Leonardo s’approcha d’un groupe d’hommes d’affaires et murmura quelque chose. L’un d’eux laissa échapper un rire gêné. Un micro caché capta sa voix.
« Quand tout sera fini, je vends la maison de Polanco et je déménage à Madrid. J’ai déjà assez dépensé pour épouser une femme brisée. Le marché immobilier. »
Ivonne lui serra le bras.
« Arrête de dire des bêtises. »
« Qu’est-ce que ça peut faire ? » répondit-il. « Elle est morte. »
Mariana sentit quelque chose en elle, quelque chose de plus fort que la peur, s’éveiller brutalement.
« Je veux le dénoncer. »
Esteban acquiesça.
« Je l’ai déjà fait. Mais il nous faut des preuves. Il a tout planifié. Il a signalé votre disparition tardivement. Il a dit que vous vous étiez perdue. Il a payé des témoins. Et il a souscrit l’assurance ce matin. »
« Ce matin ? »
« Avant les funérailles. »
Mariana déglutit.
« Cet argent n’avait plus d’importance pour elle après coup. Il en avait dès le début. »
Esteban sortit un dossier bleu.
« Votre mère m’a écrit il y a 28 ans. Elle m’a dit que vous seriez en danger si je me présentais. Que ma famille avait des ennemis, que ma fortune attirerait les vautours. Je l’ai crue… jusqu’à il y a un mois, quand j’ai reçu une lettre d’elle, authentifiée par un notaire. »
Famille
Mariana fronça les sourcils.
« Ma mère est vivante.
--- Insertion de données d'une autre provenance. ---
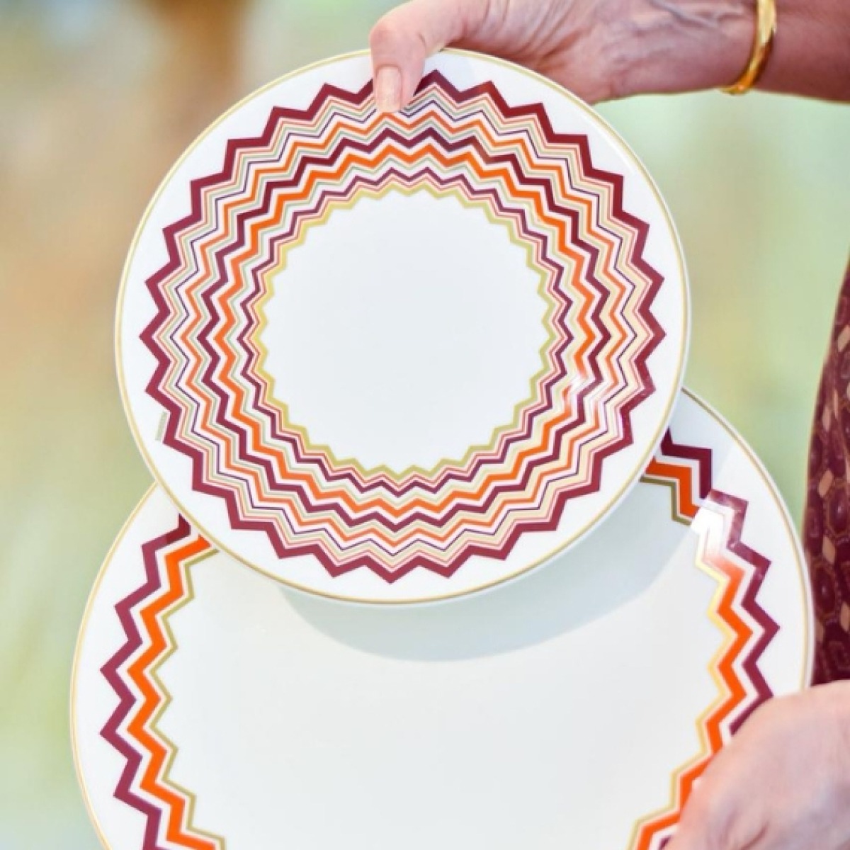 Prato Raso Iconic da icônica marca italiana Missoni Home. Fundada em 1953 por Rosita e Ottavio Missoni, a marca Missoni começou como grife de roupas. Com o tempo essa estética migrou da moda para o universo da casa: surge a Missoni Home com peças de tableware e decoração.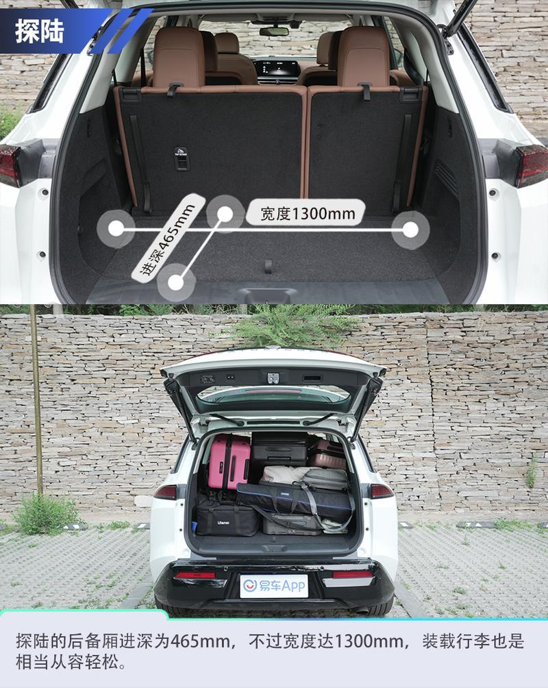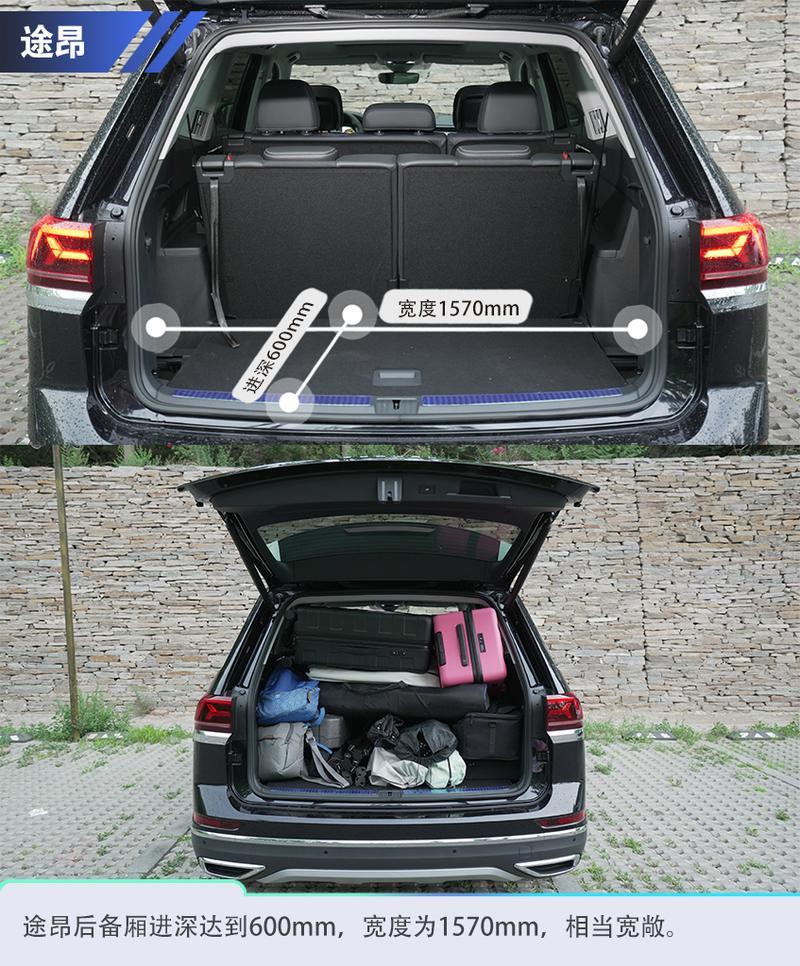 探陸由于對乘坐空間有更高的兼顧,因此在后備廂空間上稍遜色于途昂,不過放下多個登機箱還是沒有問題的,此外,探陸的后備廂寬度比較令人驚喜,能夠相當(dāng)從容地裝載更多大件行李物品,同樣數(shù)量的行李塞進探陸的后備廂能夠展現(xiàn)出肉眼可見的寬松,后備廂空間也有一定余量。

Pourquoi vous aurait-elle écrit par l’intermédiaire d’un notaire ? »
« Parce qu’elle savait qu’un jour vous auriez besoin de savoir qui vous étiez. »
Il ouvrit le dossier.
Il y avait de vieilles photos. Une jeune femme ressemblant à Mariana enlaçait un homme plus jeune, Esteban lui-même, devant un ranch à Valle de Bravo. Il y avait aussi des documents de fiducie.
« Ta mère travaillait pour ma famille », expliqua-t-il. « Nous sommes tombés amoureux. Quand elle est tombée enceinte, elle a disparu. J’ai cru qu’elle ne voulait plus me voir. » Plus tard, j’ai appris qu’elle avait été menacée.
« Qui ? »
Esteban regarda vers la porte, comme si ce nom était lourd de sens.
« Mon frère, Arturo Robles. »
Un frisson parcourut Mariana.
Ce nom lui était familier.
Arturo Robles était l’un des avocats les plus influents du pays. Associé de juges, d’hommes d’affaires et de politiciens. Il était aussi le conseiller juridique de Leonardo.
« Non… » murmura-t-elle.
« Si », dit Esteban. « Leonardo n’a pas tout planifié seul. »
À cet instant, le téléphone portable de Mariana vibra sur la table.
Personne ne devrait avoir ce numéro.
L’écran affichait « Numéro inconnu ».
Esteban fit signe à la détective qui montait la garde dehors. Elle entra, activa un enregistreur et répondit sur haut-parleur.